Lipid-Coated Hybrid Nanoparticles for Enhanced Bacterial Biofilm Penetration and Antibiofilm Efficacy

Abstract Background: The biofilm way of life is a common strategy for bacteria to adapt and gain tolerance towards antibiotic treatments. Up to 80% of all infections are biofilm-mediated and they are often challenging to treat as the underlying bacterial cells can become 100 – 1000-fold more tolerant towards antibiotics. Antibiotic-loaded nanoparticles have gained traction as a potential drug delivery system to treat biofilm infections. Specifically, lipid-coated hybrid nanoparticles (LCHNPs) were investigated on their capability to deliver antibiotics into biofilms. In this study, LCHNPs composed of a poly(lactic-co-glycolic acid) (PLGA) core and dioleoyl-3-trimethylammonium propane (DOTAP) lipid shell were developed and loaded with vancomycin (Van). In vitro antibacterial and antibiofilm tests were performed to evaluate the antimicrobial efficacy of the LCHNPs. Results: LCHNPs were successfully fabricated with high vancomycin encapsulation efficiency of 48.66% and loading efficiency of 72.99 µg/mg. DOTAP was determined to be successfully coated on the PLGA core by measuring the ζ-potential of the nanoparticles. LCHNPs had a positive ζ-potential of +36.13 mV which contrasted significantly from the ζ-potential of -36.83 mV of bare PLGA nanoparticles (PLGANPs). LCHNPs exhibited enhanced antibacterial effects against planktonic Staphylococcus aureus USA300 cells, with at least 6-fold reduction in minimum inhibitory concentration when compared against Free-Van and Van-PLGANPs. When used to treat USA300 biofilms, Van-LCHNPs eradicated up to 99.99% of the underlying biofilm cells, an effect which was not observed for Free-Van and Van-PLGANPs. Finally, we showed that by possessing a robust DOTAP shell, LCHNPs were able to penetrate deeply into the biofilms.
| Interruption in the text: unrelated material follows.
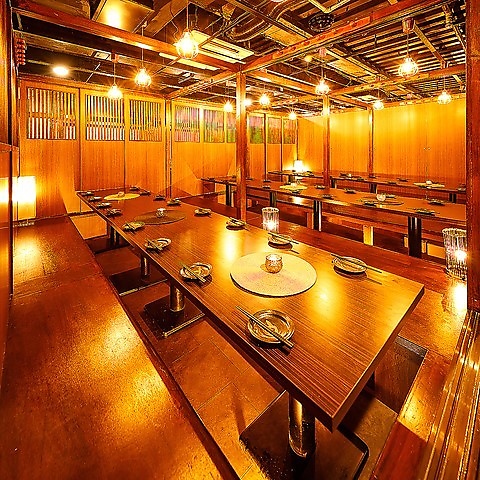 【個室完備】店内に入ると隠れ家のような寛ぎの空間が広がります。個室席は2名様から団体様まで幅広く対応!最大150名様までの個室もご用意可能です。お仕事帰りの飲み会、接待や二次会、各種ご宴会をお楽しみください。飲み放題付コースは多様な価格帯でご用意しております◎ただいま飲み会・宴会のご予約受付中!

Conclusion: LCHNPs were shown to display remarkable antimicrobial efficacy towards both planktonic and biofilm cells as the presence of the lipid shell enhanced the interactions with bacterial cells and penetration into biofilms. More work could be done to understand nanoparticle-biofilm interactions; this would help to optimize the LCHNPs further to treat biofilm infections successfully.